• INFORMATION PROVIDED:
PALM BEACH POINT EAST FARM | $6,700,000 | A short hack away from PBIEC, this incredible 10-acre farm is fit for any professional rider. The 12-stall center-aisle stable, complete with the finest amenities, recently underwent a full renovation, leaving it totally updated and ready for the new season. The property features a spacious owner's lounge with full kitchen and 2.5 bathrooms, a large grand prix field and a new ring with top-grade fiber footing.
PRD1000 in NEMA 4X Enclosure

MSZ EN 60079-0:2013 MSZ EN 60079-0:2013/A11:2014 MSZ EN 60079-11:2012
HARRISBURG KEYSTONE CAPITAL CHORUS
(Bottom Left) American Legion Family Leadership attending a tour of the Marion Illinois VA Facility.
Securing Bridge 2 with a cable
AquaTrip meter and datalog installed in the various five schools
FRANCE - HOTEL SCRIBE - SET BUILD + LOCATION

--

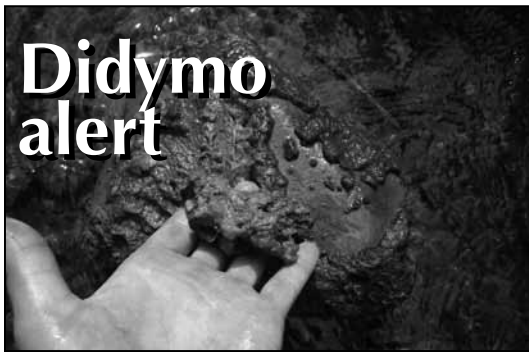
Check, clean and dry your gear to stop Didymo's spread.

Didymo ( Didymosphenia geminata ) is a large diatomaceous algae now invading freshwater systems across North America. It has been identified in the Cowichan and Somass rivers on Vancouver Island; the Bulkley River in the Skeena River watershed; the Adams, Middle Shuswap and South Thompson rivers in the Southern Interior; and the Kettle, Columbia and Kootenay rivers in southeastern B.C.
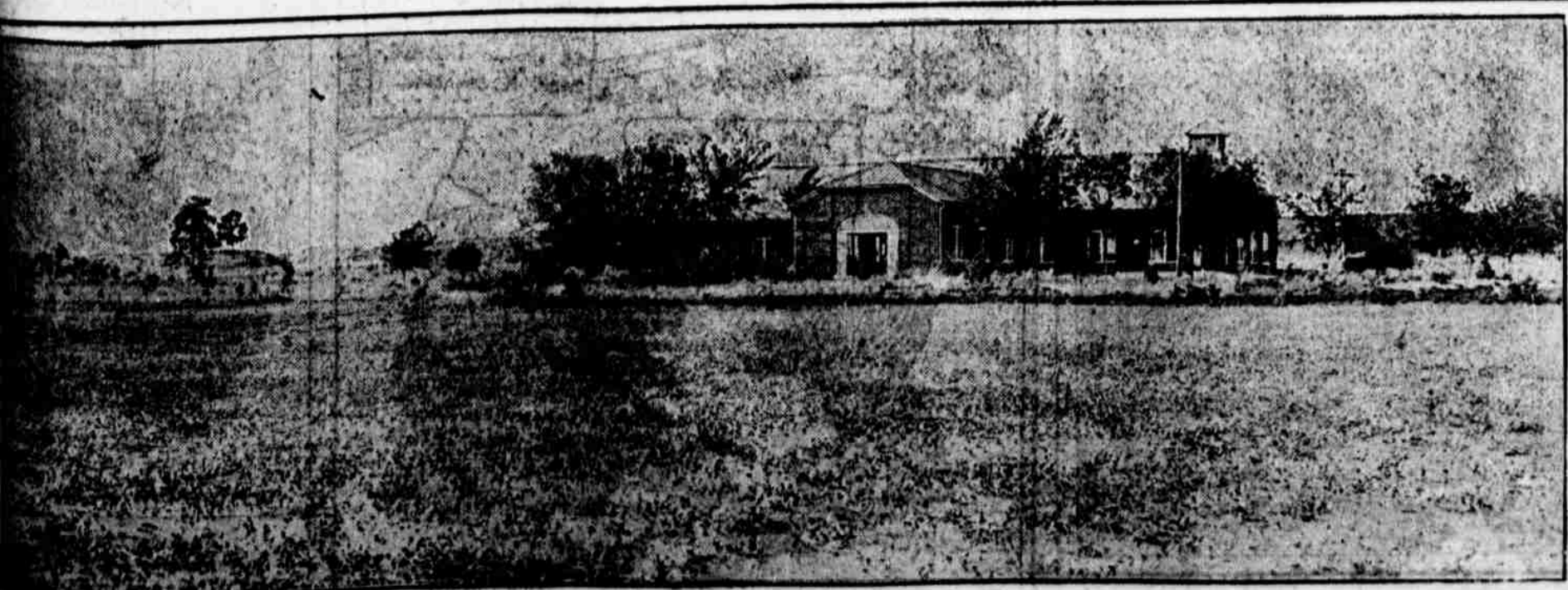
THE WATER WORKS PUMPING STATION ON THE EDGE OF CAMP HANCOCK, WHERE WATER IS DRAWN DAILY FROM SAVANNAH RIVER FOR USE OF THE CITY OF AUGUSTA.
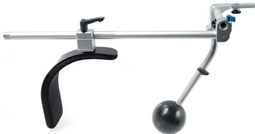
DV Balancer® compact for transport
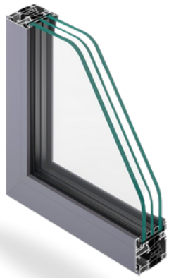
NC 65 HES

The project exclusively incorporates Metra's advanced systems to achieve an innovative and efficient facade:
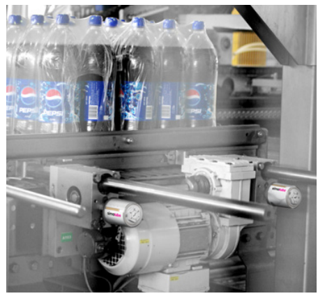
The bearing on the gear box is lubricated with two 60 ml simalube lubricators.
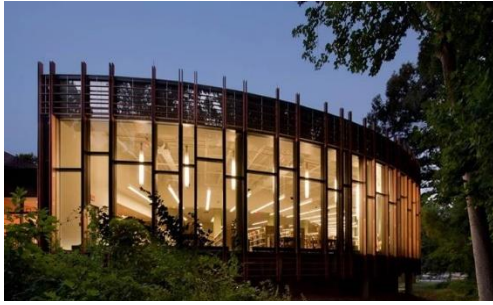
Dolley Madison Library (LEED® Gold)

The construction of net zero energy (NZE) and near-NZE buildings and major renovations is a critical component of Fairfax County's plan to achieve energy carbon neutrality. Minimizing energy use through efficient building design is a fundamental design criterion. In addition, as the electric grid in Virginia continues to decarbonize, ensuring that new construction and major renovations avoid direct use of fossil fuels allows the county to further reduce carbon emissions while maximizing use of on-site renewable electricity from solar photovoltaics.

...

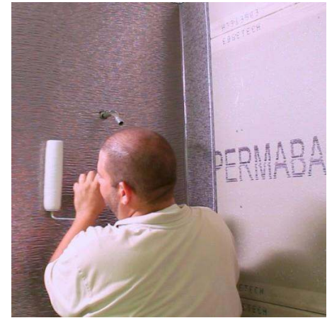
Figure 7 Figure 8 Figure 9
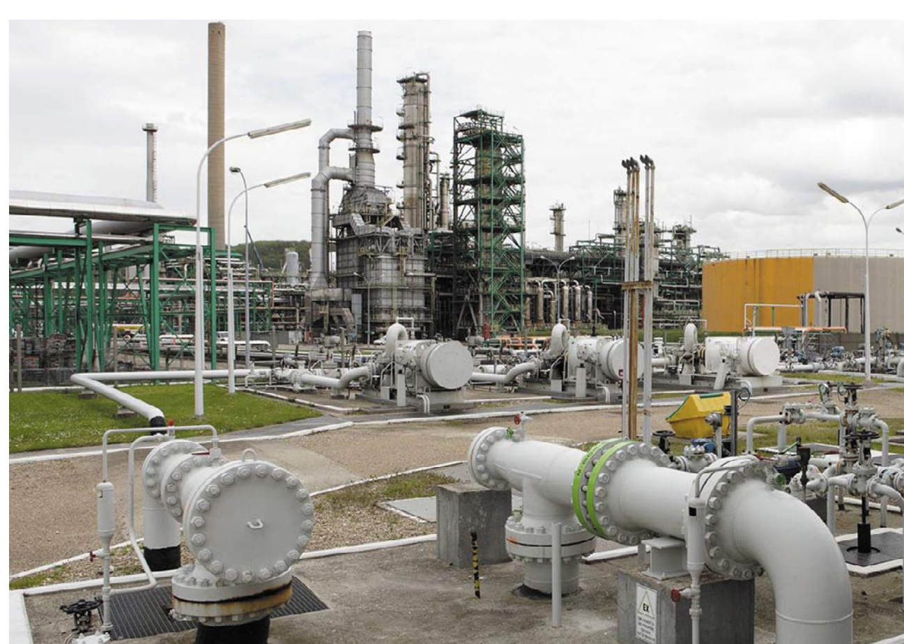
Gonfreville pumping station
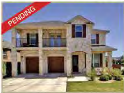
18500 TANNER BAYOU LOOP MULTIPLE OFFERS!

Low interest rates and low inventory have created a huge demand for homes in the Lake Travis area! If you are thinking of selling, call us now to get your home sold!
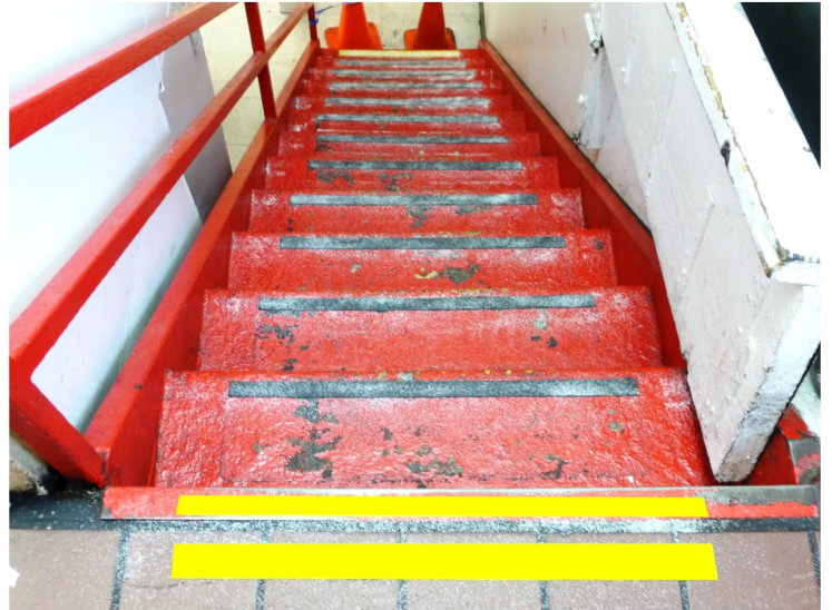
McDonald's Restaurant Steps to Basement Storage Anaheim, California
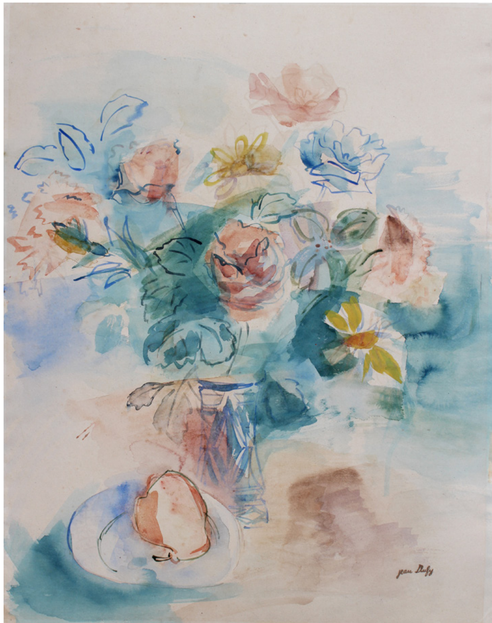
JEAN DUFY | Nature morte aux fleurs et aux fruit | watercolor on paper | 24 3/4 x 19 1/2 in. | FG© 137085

• TASK BRIEF: Copy out each line in the preceding records that contains "Didymo".

• RESPONSE AREA:
Check, clean and dry your gear to stop Didymo's spread.
Didymo ( Didymosphenia geminata ) is a large diatomaceous algae now invading freshwater systems across North America. It has been identified in the Cowichan and Somass rivers on Vancouver Island; the Bulkley River in the Skeena River watershed; the Adams, Middle Shuswap and South Thompson rivers in the Southern Interior; and the Kettle, Columbia and Kootenay rivers in southeastern B.C.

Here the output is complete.